Transform directly into NEB 5-alpha or BL21 (DE3) cells without additional cleanup. The protocol has been validated for simultaneous introduction of dozens of mutations.

KLD primer design

KLD (Kinase-Ligation-DpnI) is an alternative mutagenesis method using inverse PCR to amplify the entire plasmid with mutations incorporated at the primer junction.

Inputs: Same as SLIM design
- data/design_kld/kld_template_gene.fasta
- data/design_kld/kld_context.fasta
- data/design_kld/kld_target_mutations.csv (single mutations column)

Run:

uht-tooling design-kld \
  --gene-fasta data/design_kld/kld_template_gene.fasta \
  --context-fasta data/design_kld/kld_context.fasta \
  --mutations-csv data/design_kld/kld_target_mutations.csv \
  --output-dir results/design_kld/

Outputs:

KLD_primers.csv — columns [Primer Name, Sequence, Tm (binding), GC%, Length, Notes], 2 primers per mutation (_F, _R)

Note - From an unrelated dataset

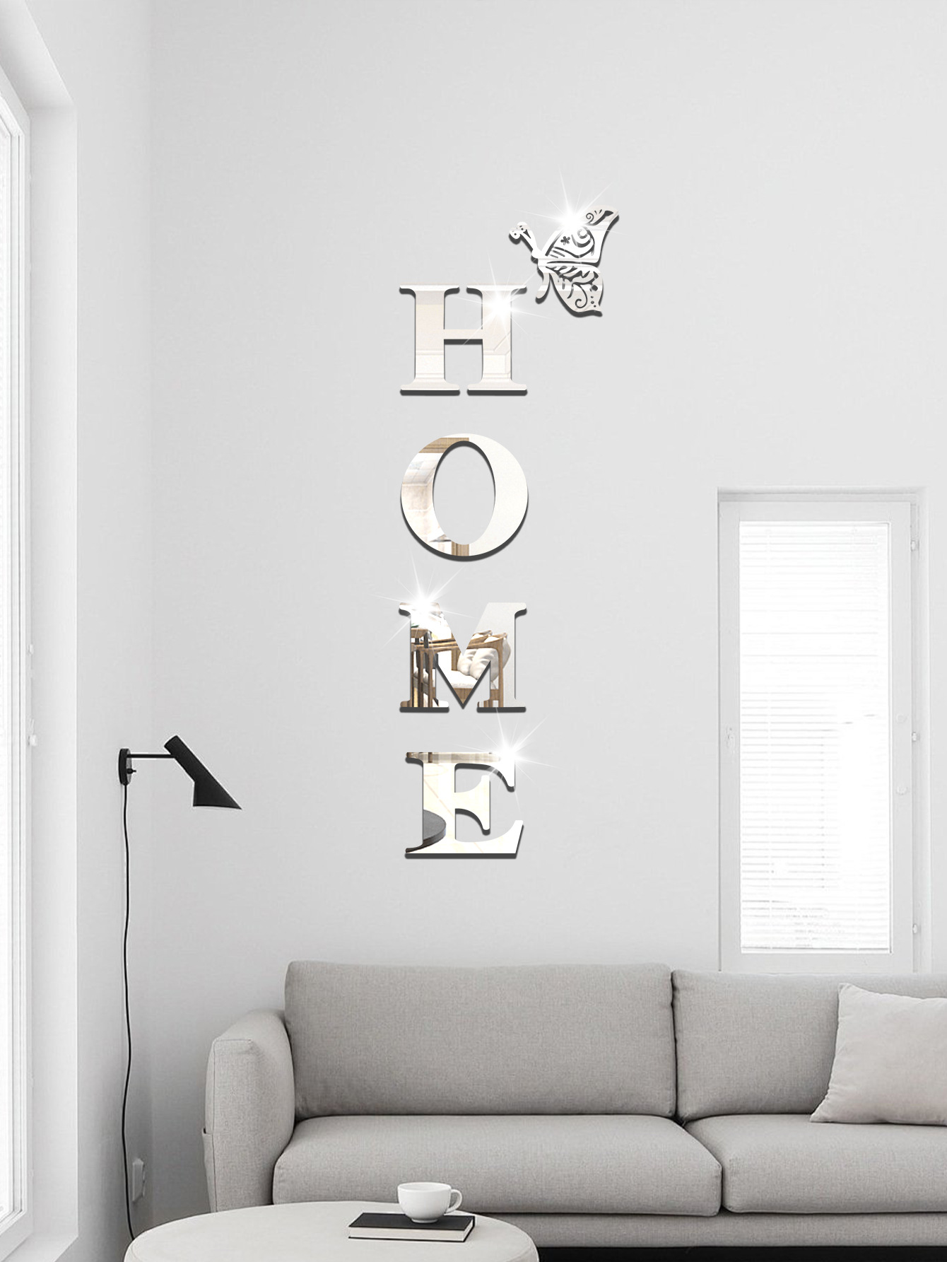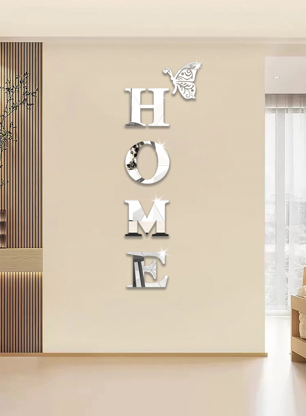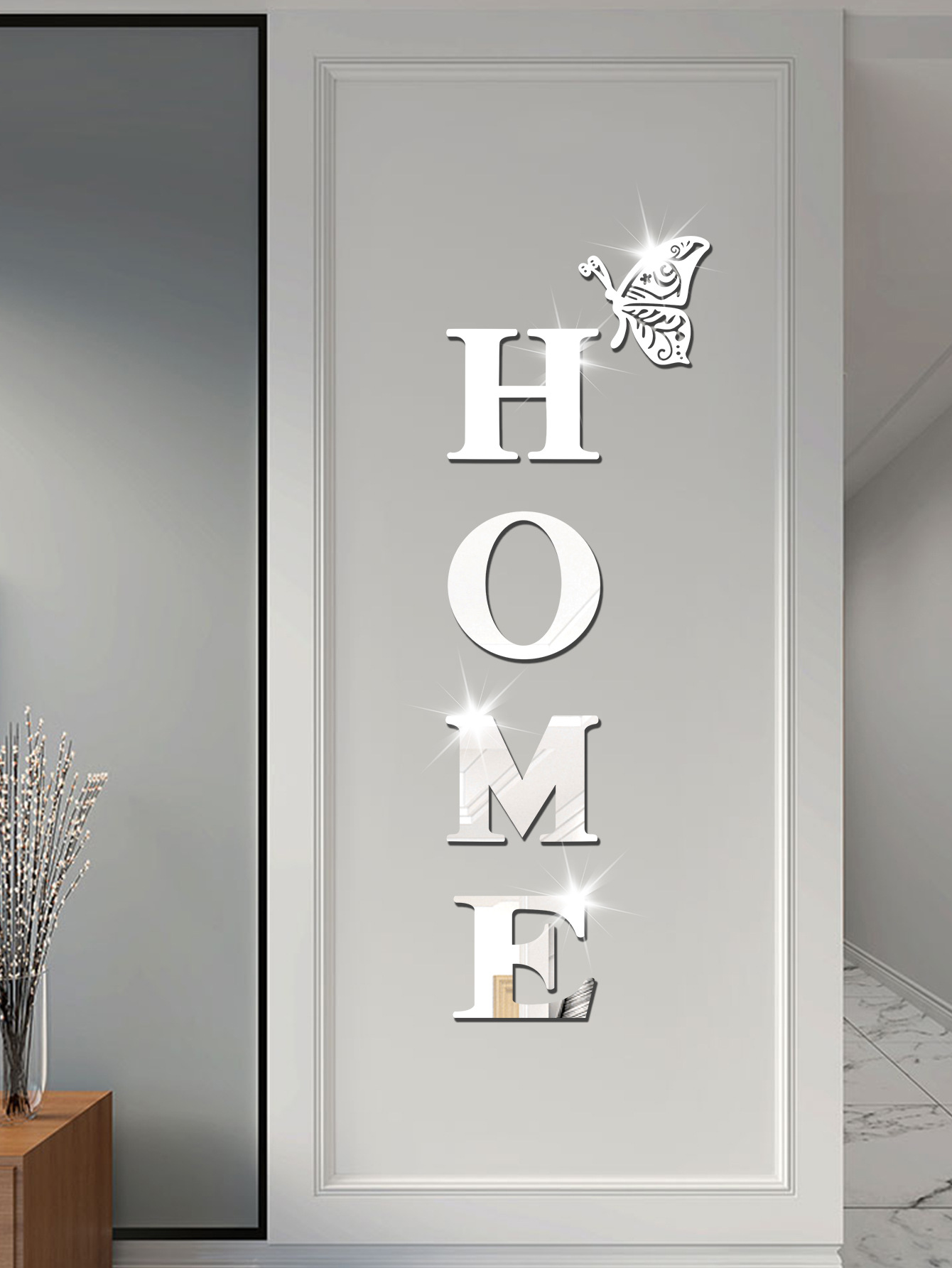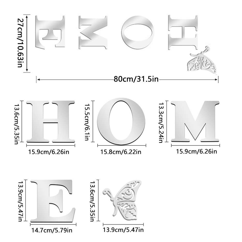 跨境专供亚克力镜面墙贴HOME蝴蝶多边形自粘带背胶组合装饰软镜子
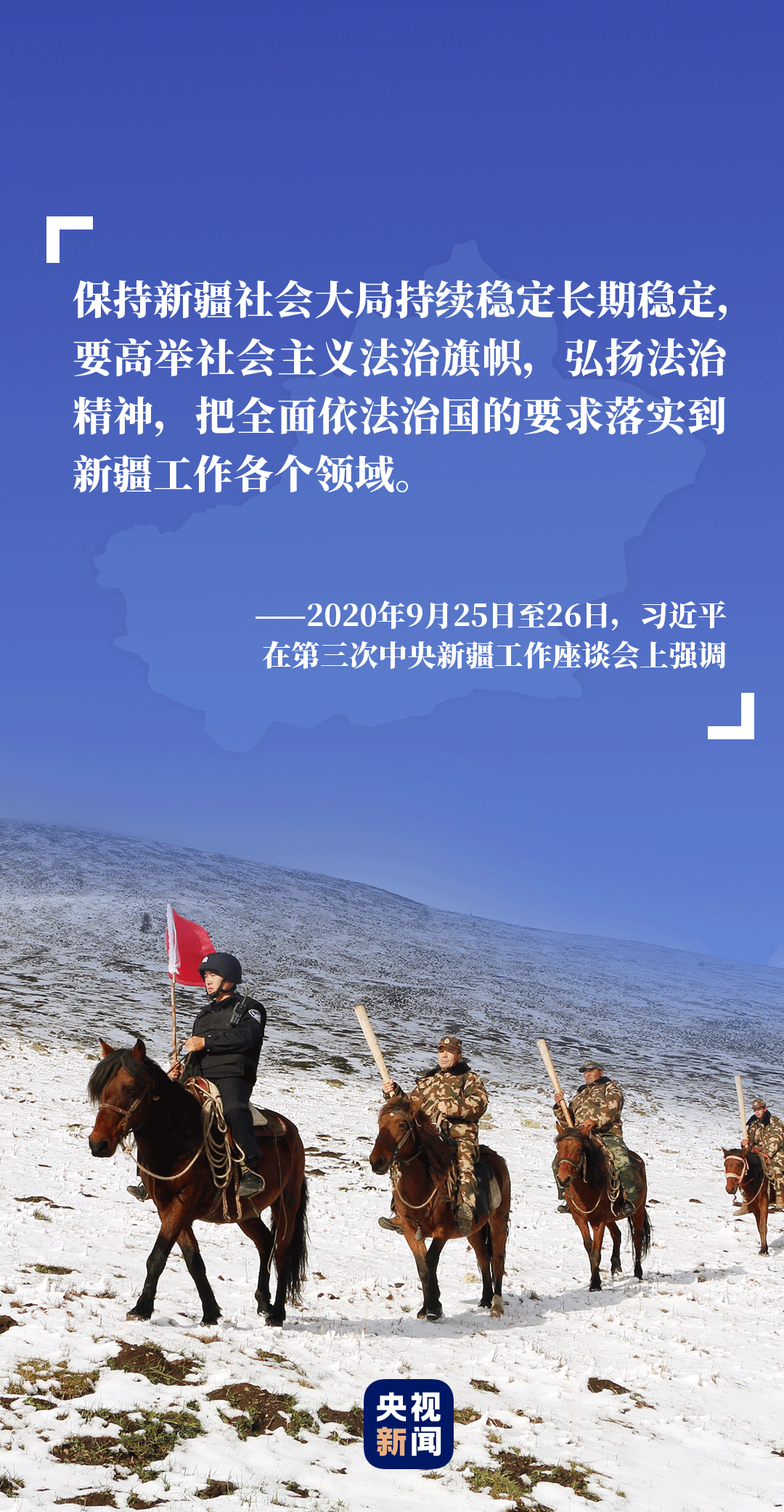 堅(jiān)持依法治疆、團(tuán)結(jié)穩(wěn)疆、文化潤疆、富民興疆、長期建疆,努力建設(shè)新時(shí)代中國特色社會(huì)主義新疆。9月25日至26日,習(xí)近平總書記在第三次中央新疆工作座談會(huì)上發(fā)表重要講話,深刻分析當(dāng)前和今后一個(gè)時(shí)期新疆工作總目標(biāo),全面闡釋新時(shí)代黨的治疆方略,為引領(lǐng)新疆工作守正創(chuàng)新、勝利前進(jìn)指明了方向。

Mutation nomenclature: Same as SLIM (substitution, deletion, insertion, indel, library).

KLD vs SLIM

Method	Primers	Mechanism	Best for
SLIM	4 per mutation	Overlap assembly	Multiple simultaneous mutations
KLD	2 per mutation	Inverse PCR + ligation	Single mutations, simpler workflow

KLD primer design rules

Forward primer: Mutation codon at 5' end + downstream template-binding region
Reverse primer: Reverse complement of upstream region, 5' end adjacent to forward
Tm calculated on template-binding regions only (50-65°C target)
Tm difference between primers kept within 5°C
GC content 40-60%
Binding region 18-24 bp

Experimental workflow

PCR amplify entire plasmid with KLD primer pair
DpnI digest to remove methylated template
T4 PNK phosphorylation of 5' ends
T4 DNA ligase to circularize
Transform into competent cells

NEB sells a KLD Enzyme Mix (M0554) that combines these steps.

Gibson assembly primers

Inputs mirror the SLIM workflow but use data/design_gibson/.
Link sub-mutations with + to specify multi-mutation assemblies (e.g., A123G+T150A).

Run:

uht-tooling design-gibson \
  --gene-fasta data/design_gibson/gibson_template_gene.fasta \
  --context-fasta data/design_gibson/gibson_context.fasta \
  --mutations-csv data/design_gibson/gibson_target_mutations.csv \
  --output-dir results/design_gibson/

Outputs:

Gibson_primers.csv — columns [Group, Submutation, Primer Name, Sequence]
Gibson_assembly_plan.csv — columns [Group, Submutation, PCR_Primer_Forward, PCR_Primer_Reverse, Tm (celsius), Amplicon Size (bp)]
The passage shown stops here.